CERTIFICATION PURSUANT TO 18 U.S.C. SECTION 1350,
AS ADOPTED PURSUANT TO
SECTION 906 OF THE SARBANES-OXLEY ACT OF 2002
In connection with the Quarterly Report on Form 10-Q of Myovant Sciences Ltd. (the “Company”) for the period ended September 30, 2020 as filed with the Securities and Exchange Commission on the date hereof (the “Report”), the undersigned, Frank Karbe, Principal Financial Officer of the Company, hereby certifies, pursuant to the requirement set forth in Rule 13a-14(b) of the Securities Exchange Act of 1934, as amended (the “Exchange Act”), and 18 U.S.C. Section 1350, that to the best of his knowledge: 
(1)the Report fully complies with the requirements of Section 13(a) or 15(d) of the Exchange Act; and
(2)the information contained in the Report fairly presents, in all material respects, the financial condition and results of operations of the Company.

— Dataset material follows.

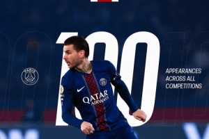 体育资讯4月23日讯 法甲第26轮比赛,巴黎圣日耳曼在主场迎战南特。本场比赛,卢卡斯替补登场,迎来巴黎圣日耳曼生涯百场里程碑之战。

Date: November 12, 2020 By: /s/ Frank Karbe
    Frank Karbe
    Principal Financial and Accounting Officer
This certification accompanies the Form 10-Q to which it relates, is not deemed filed with the Securities and Exchange Commission and is not to be incorporated by reference into any filing of the Company under the Securities Act of 1933, as amended, or the Exchange Act (whether made before or after the date of the Form 10-Q), irrespective of any general incorporation language contained in such filing.